§ Exercise instructions
Retype the entries, please, from their first line to the line containing "The Chakrasamvara and", exactly and only those lines, minus the pictures.

[Records from a collection]
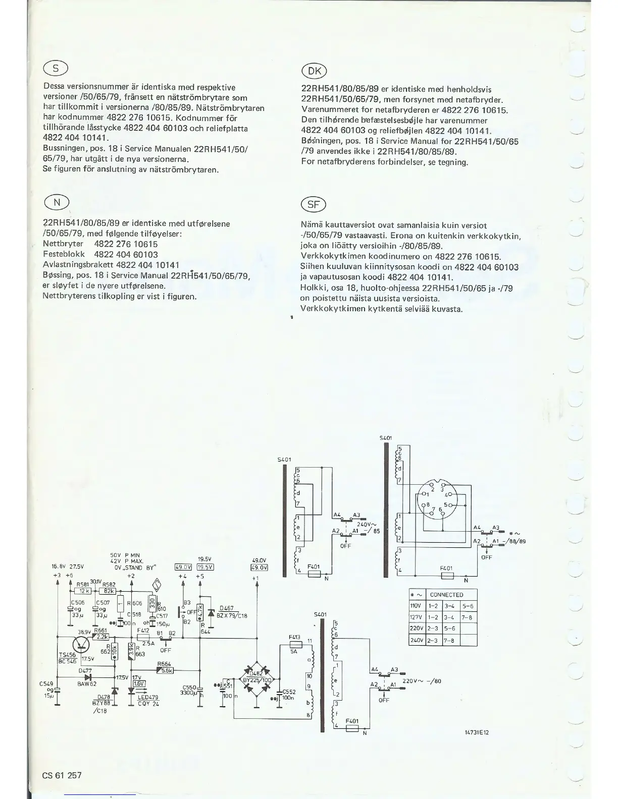 Philips 22H541 - Further Product Version Details
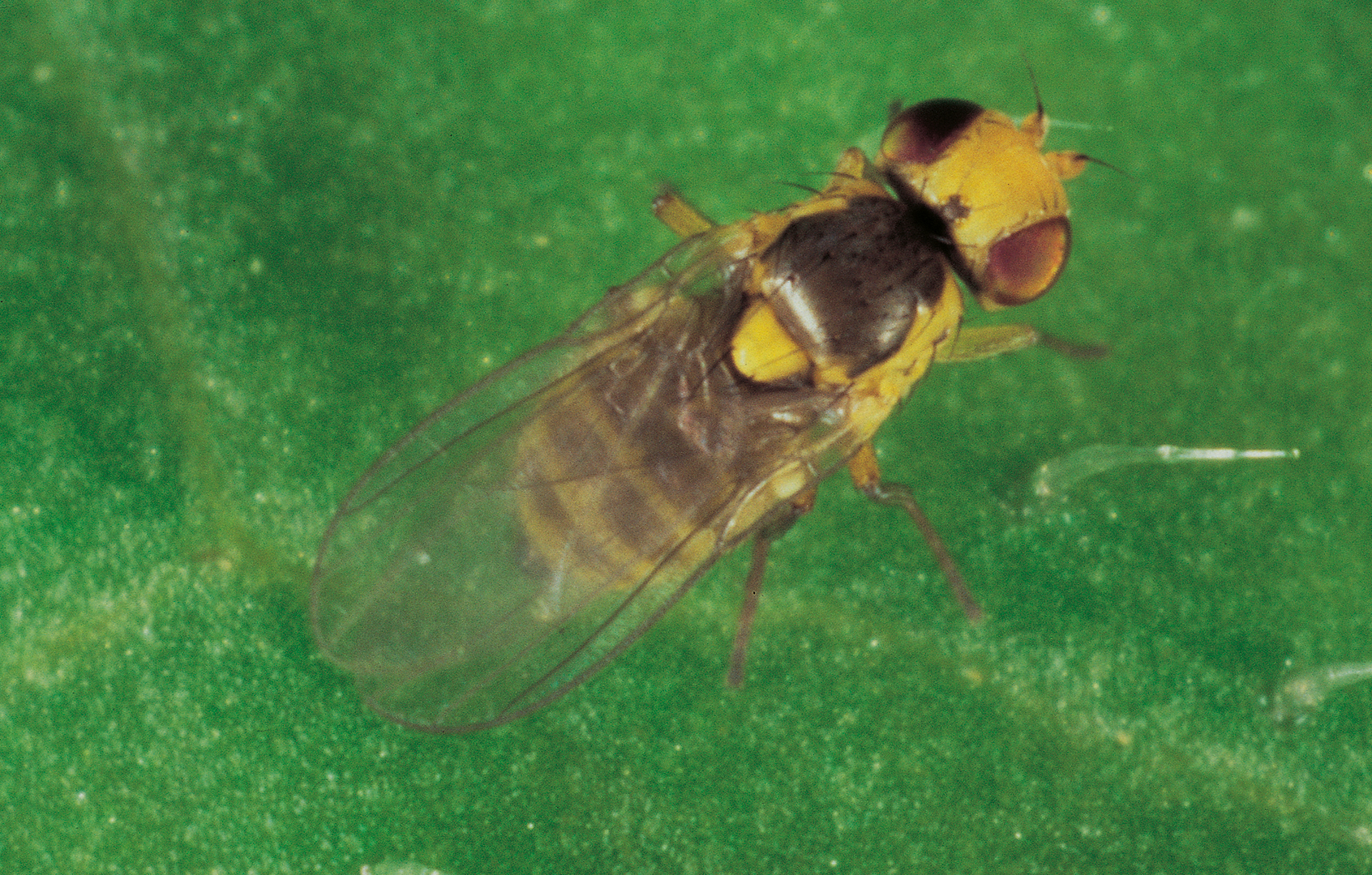 Musca miniera apare in sere si solarii si ataca in special culturile de tomate. Este daunator in stadiul de larva si se dezvolta in interiorul frunzelor distrugand tesuturile dintre epiderme. Atacurile produse au un caracter generalizat, evidentiat pe frunze prin prezenta a numeroase galerii inguste si ramificate, cu aspect sidefiu. Cand numarul de galerii depaseste 50% din suprafata de asimilatie a frunzelor, acestea se usuca si cad. Musca miniera este un daunator specific culturilor de tomate din spatii protejate, dar ataca si in camp. Principala sursa de infestare este reprezentata de rasadurile provenite din serele inmultitor.
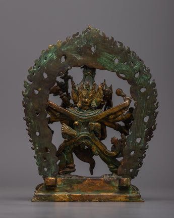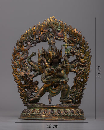 The Chakrasamvara and Consort Vajravarahi Statue is a stunning representation of tantric Buddhist symbolism, beautifully carved from oxidized copper. Standing at 23cm tall, this statue depicts the union of Chakrasamvara which represents the merger of wisdom and compassion, method and wisdom in tantric Buddhism.
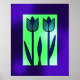 This sleek and modern tulip design brings a fresh, minimalistic vibe with its bold outlines and clean symmetry. Set against a soft green background with a gradient purple frame, the tulips exude elegance and simplicity. The stylised flowers create a calming balance between nature and contemporary art, making this a versatile piece for both traditional and modern spaces.
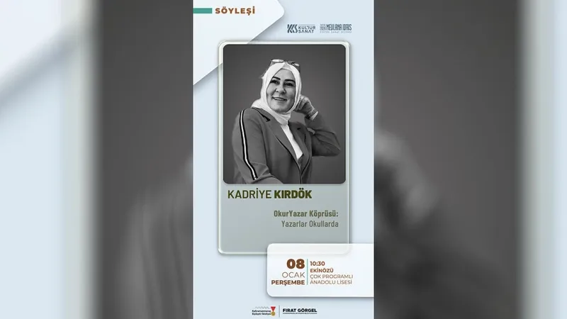 Büyükşehir Belediyesinin “Yazarlar Okullarda” programı kapsamında yazar Kadriye Kırdök, 8 Ocak Perşembe günü Ekinözü Çok Programlı Anadolu Lisesi’nde öğrencilerle buluşacak.
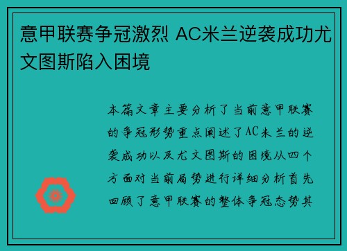 本篇文章主要分析了当前意甲联赛的争冠形势,重点阐述了AC米兰的逆袭成功以及尤文图斯的困境。从四个方面对当前局势进行详细分析:首先,回顾了意甲联赛的整体争冠态势;其次,重点探讨了AC米兰近年来的崛起及其...

§ Solution to this exercise
 Philips 22H541 - Further Product Version Details
 Musca miniera apare in sere si solarii si ataca in special culturile de tomate. Este daunator in stadiul de larva si se dezvolta in interiorul frunzelor distrugand tesuturile dintre epiderme. Atacurile produse au un caracter generalizat, evidentiat pe frunze prin prezenta a numeroase galerii inguste si ramificate, cu aspect sidefiu. Cand numarul de galerii depaseste 50% din suprafata de asimilatie a frunzelor, acestea se usuca si cad. Musca miniera este un daunator specific culturilor de tomate din spatii protejate, dar ataca si in camp. Principala sursa de infestare este reprezentata de rasadurile provenite din serele inmultitor.
 The Chakrasamvara and Consort Vajravarahi Statue is a stunning representation of tantric Buddhist symbolism, beautifully carved from oxidized copper. Standing at 23cm tall, this statue depicts the union of Chakrasamvara which represents the merger of wisdom and compassion, method and wisdom in tantric Buddhism.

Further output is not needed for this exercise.